Xylo-oligosaccharides and lactitol promote the growth of Bifidobacterium lactis and Lactobacillus species in pure cultures

The current screening study aimed at identifying promising prebiotic and synbiotic candidates. The fermentation of xylo-oligosaccharides, xylan, galacto-oligosaccharide, fructo-oligosaccharide, polydextrose, lactitol, gentiobiose and pullulan was investigated in vitro. The ability of these established and potential prebiotic candidates to function as a sole carbon source for probiotic (Bifidobacterium and Lactobacillus), intestinal and potential pathogenic microbes (Eubacterium, Bacteroides, Clostridium, Escherichia coli, Salmonella, and Staphylococcus) was assessed in pure cultures. Xylo-oligosaccharides were fermented with high specificity by the tested Bifidobacterium lactis strains and lactitol by lactobacilli, whereas galacto-oligosaccharides, fructo-oligosaccharides and gentiobiose were utilised by a larger group of microbes. Xylan, polydextrose and pullulan were utilised to a limited extent by only a few of the tested microbes. The results of this screening study indicate that xylo-oligosaccharides and lactitol support the growth of a limited number of beneficial microbes in pure cultures. Such a high degree of specificity has not been previously reported for established prebiotics. Based on these results, the most promising prebiotics and synbiotic combinations can be selected for further testing.
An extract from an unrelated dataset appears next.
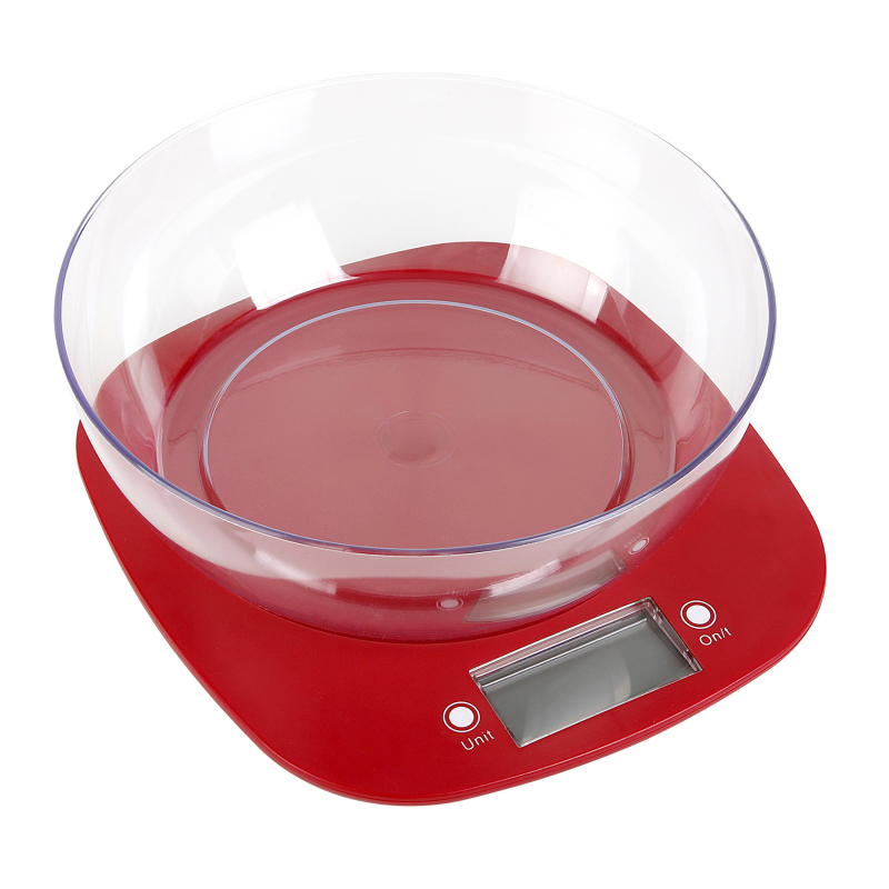 ВЕСЫ (ДЛЯ КУХНИ) - KES-1PR (красные, с чашей, макс-5кг) NEW (GRUNHELM)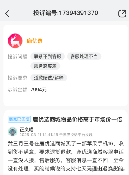 此次引发关注的两起投诉,直指鹿优选平台两大核心业务的致命问题。3 月 11 日 14 时 41 分,有消费者在黑猫投诉平台反映,其于 3 月 3 日在鹿优选商城花费 7994 元购买了一部苹果 16 手机,收货后因不满意提出退货退款,却遭遇了客服失联的窘境 —— 客服电话无人接听,售后服务的线上消息也始终无人回复。该消费者表示,购买时平台明确标注支持七天无理由退换货,可真正想要行使合法权益时,却发现售后服务形同虚设,且商城内该款手机价格较市场价高出一倍,高溢价消费再加上虚假的售后承诺,让其蒙受了经济损失与维权困扰。

Xylo-oligosaccharides enhance the growth of bifidobacteria and Bifidobacterium lactis in a simulated colon model

A semi-continuous, anaerobic colon simulator, with four vessels mimicking the conditions of the human large intestine, was used to study the fermentation of xylo-oligosaccharides (XOS). Three XOS compounds and a xylan preparation were fermented for 48 hours by human colonic microbes. Fructo-oligosaccharides (FOS) were used as a prebiotic reference. As a result of the fermentation, the numbers of Bifidobacterium increased in all XOS and xylan simulations when compared to the growth observed in the baseline simulations, and increased levels of Bifidobacterium lactis were measured with the two XOS compounds that had larger distribution of the degree of polymerisation. Fermentation of XOS and xylan increased the microbial production of short chain fatty acids in the simulator vessels; especially the amounts of butyrate and acetate were increased. XOS was more efficient than FOS in increasing the numbers of B. lactis in the colonic model, whereas FOS increased the Bifidobacterium longum numbers more. The selective fermentation of XOS by B. lactis has been demonstrated in pure culture studies, and these results further indicate that the combination of B. lactis and XOS would form a successful, selective synbiotic combination.